There are many tools and vendors to assist in data discovery and analysis. But the data discovery process initially began as manual. Manual data discovery and smart data discovery are the two types of data discovery processes today. And going forward, likely more and more businesses will utilize smart data discovery.
Manual data discovery — As the name suggests, this is the manual, human, tedious process of discovering data patterns within data sets. This typically requires a highly qualified and trained human data technician, popularly assigned the role title “data steward”. These caretakers of the data would have to manually map, prioritize, and prepare data for analysis, including creating and categorizing metadata, documenting rules and standards, and ultimately conceptualizing the entire data strategy and company data models.
Smart data discovery — The idea of a data steward has evolved with the advent of modern automated data processing. Today, AI and machine learning have augmented data discovery, and beneficially made data more robust, accurate, and usable, all while removing much human produced errors. The role of the data steward has changed with smart data discovery, now its emphasis is on ensuring the fitness of data and data governance.
Smart data discovery is a popular term for AI and machine learning advancements in data discovery. Before machines could perform data discovery, these tasks were conducted manually by data stewards. AI functions within the data discovery domain reached a tipping point and Gartner identified a new category of business intelligence software capable of dramatically organizing company data, and discovering sensitive data that can now be secured and made compliant to regulations.

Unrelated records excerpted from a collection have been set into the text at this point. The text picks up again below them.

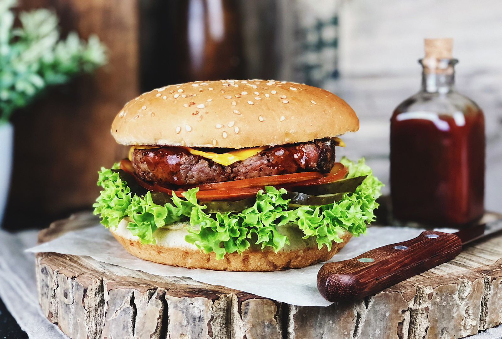 Бургер на огне ,Жареная котлета с маринованным лучком в булочке с соусом и овощами
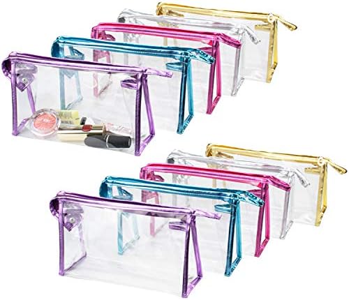 Hedume 10 Pcs Transparent Waterproof Cosmetic Bag, PVC Clear Makeup Organizing Bags With Zipper Perfect for Bathroom, Travel
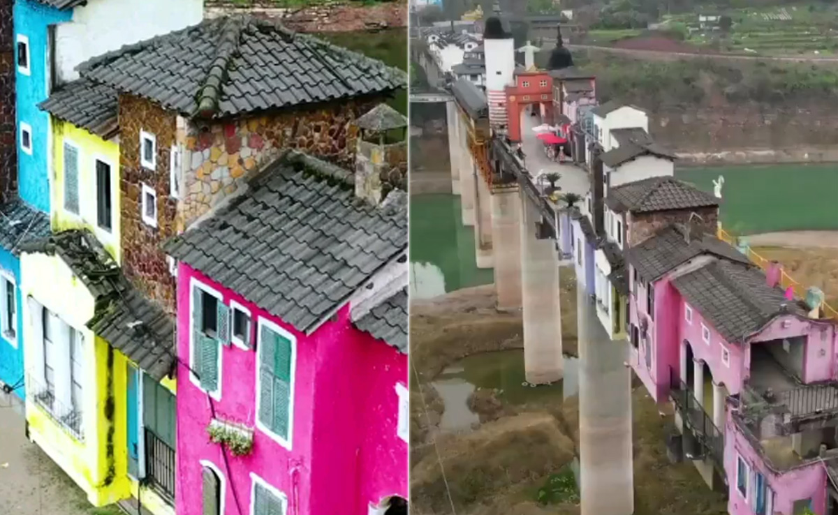 इंसानों ने कुदरत की बनाई इस दुनिया को अपने हिसाब से ढाला है. आज के समय में कई ऐसी इमारतें हैं, जिन्हें देखकर हैरानी भी होती है और लोग सोचने पर भी मजबूर हो जाते हैं. ऐसी ही इमारतों का एक वीडियो इन दिनों इंटरनेट पर सामने आया है, जो लोगों का ध्यान अपनी ओर खींच रहा है. दरअसल, यह वीडियो चाइना का बताया जा रहा है, जहां एक पुल पर कई घर एक लाइन में दिखाई दे रहे हैं. हैरानी की बात तो ये है कि, इस पुल पर गाड़ियां नहीं चलती, बल्कि गाड़ियों की जगह यहां फैले घर लोगों का ध्यान अपनी ओर खींचते हैं.
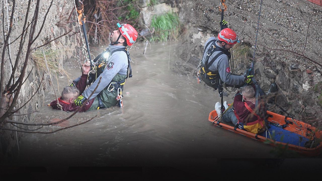 İzmir’de etkili olan sağanak yağış sırasında, 50–55 yaşlarındaki bir erkek Yeşildere’de dere içinde uyuduğu sırada yükselen sulara kapıldı. Yaklaşık 20 metre sürüklenen kişiyi tutunduğu noktada, ihbar üzerine olay yerine gelen İzmir Büyükşehir Belediyesi İtfaiye Dairesi Başkanlığı ekipleri kurtardı. Su seviyesinin yaklaşık 2 metreye ulaştığı dereye vinç yardımıyla inen ekipler vatandaşı bulunduğu noktadan kurtardı. Sedye ile yaklaşık 10 metrelik duvardan çıkarılan yurttaş, sağlık ekiplerine teslim edilerek hastaneye sevk edildi.

Gartner defines smart data discovery: “Automatically finds, visualizes and narrates important findings such as correlations, exceptions, clusters, links and predictions in data that are relevant to users without requiring them to build models or write algorithms. Users explore data via visualizations, natural-language-generated narration, search and natural-language query technologies.”
A data discovery platform (sometimes called sensitive data discovery platforms), such as Hitachi Content Intelligence, provides a complete set of data tools for detecting deep patterns using advanced analytics within disparate data sources. These patterns are then further put into context using other relevant systems, then subsequently visualized for data users, or otherwise presented using clear delivery methods, such as dashboards, charts, tables, etc., to clarify underlying business insights.
These platforms include the following features:
- Automated data discovery tools
- Data monitoring in real time and sensitive data discovery algorithms
- Contextual search functions and other metadata search functions
- Compliance functions that enable organizations to adhere to industry regulatory standards (GDPR, CCPA, HIPAA, etc.)